Wikistrat's "The World According to Tom Barnett" 2011 brief: the Brief in full

Can be found in this post and on this permanent page, also linked to from the navigation bar above. Or you can go to the YouTube pages directly, as linked on the left navigation bar below.

No, it's no longer exactly the brief I give now.  I've already made about 50 changes. But that's the nature of the beast: it is always evolving and new versions constantly emerge. 

Wikistrat's "The World According to Tom Barnett" brief

 

Video segments of September 2011 briefing by Tom to an international military audience in the Washington DC area.

 

 

Part 1: The Pentagon's New Map

 

 

Part 2: The Flow of People

 

 

Part 3: The Flow of Money

 

 

 

Part 4: The Flow of Energy

 

 

 

Part 5: The Flow of Food

 

 

 

Part 6: The Flow of Security

 

 

Part 7: (Q&A) The Role of Religion

 

 

Part 8: (Q&A) Global Economic Crisis

 

 

Part 9 - Final: (Q&A) Postwar Operations & US Allies

 

Reader Comments (4)

The creation of the new world you envision will require more political skill than is available anywhere in the Western World. Neither an Obama or any of the major Western leaders has the capacity to operate on that level, the Republican line-up is a huge joke.

A "morning in America" is even less likely. Reagan dealt with a simpler world, with less competition and in which the difference between friend and enemy was stark. It was a straight-forward world - economics was dominated by a Western-centric G7, the World Bank and the IMF set the rules and everyone meekly complied and the US traded with only its friends not with "frenemies" (China) and "neo-Gaullists" (Brazil, India).

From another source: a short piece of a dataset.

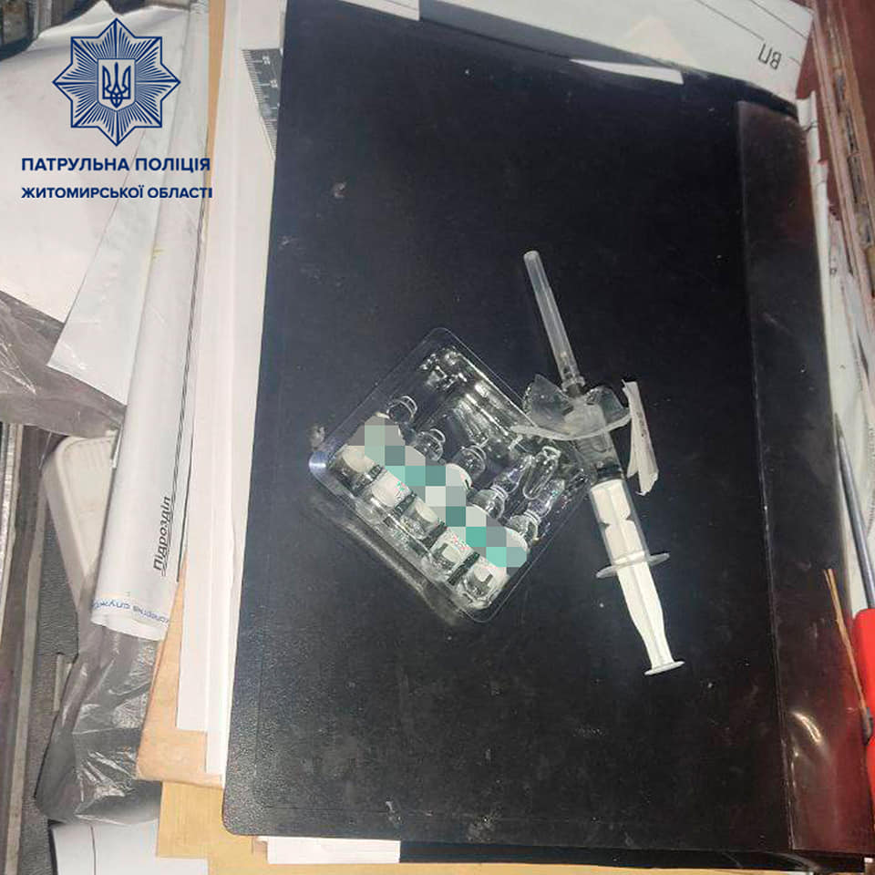 В автівці патрульні виявили скляну пляшечку, ампули, шприц з прозорою речовиною, ймовірно наркотичного походження.
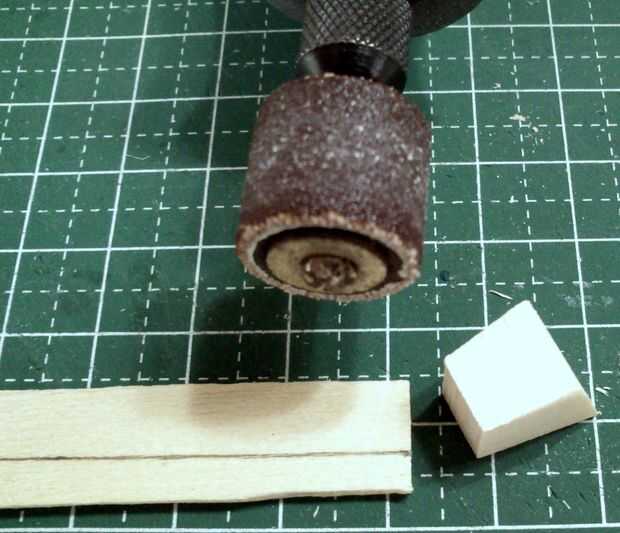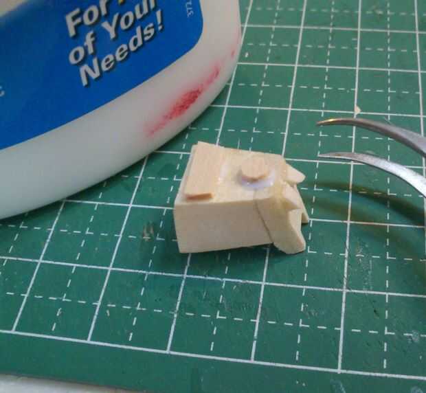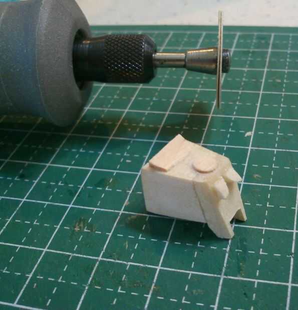 Pequeñas piezas para el comando vistas, escotilla de entrada/salida, mini láser blaster y conmoción cerebral Granada (y sus soportes) se cortaron de diversas partes de la caja de 'repuestos' y lijadas a su forma final utilizando un accesorio de la lijadora de disco fino.

A future American president may exhort the American people to some higher purpose, but a combination of a declining share of the global economy and the consequences of abandoning the most promising frontier markets to the Chinese (i.e. Africa and Latin America) might make national rejuvenation difficult if not impossible. The time to act is now.

This is not to suggest that other major powers like China don't have serious problems, but the Chinese have been around in one form or another for 4,000 years, so they may be more resilient than you suggest. They might weather the storm much better than you think they will.

America spends too much time, energy and resources on a narrowly defined goal - the so-called "War on Terror". It is a very expensive distraction. In many African nations, there is a combination of poverty, inter-ethnic rivalry, inter-religious competition, poor governance and corruption. The only thing that seems to get America's attention is encapsulated in a simple sentence "group X is an affiliate of Al Qaeda, send in Africom". So you expend diplomatic energy on a narrowly focused often non-productive goal.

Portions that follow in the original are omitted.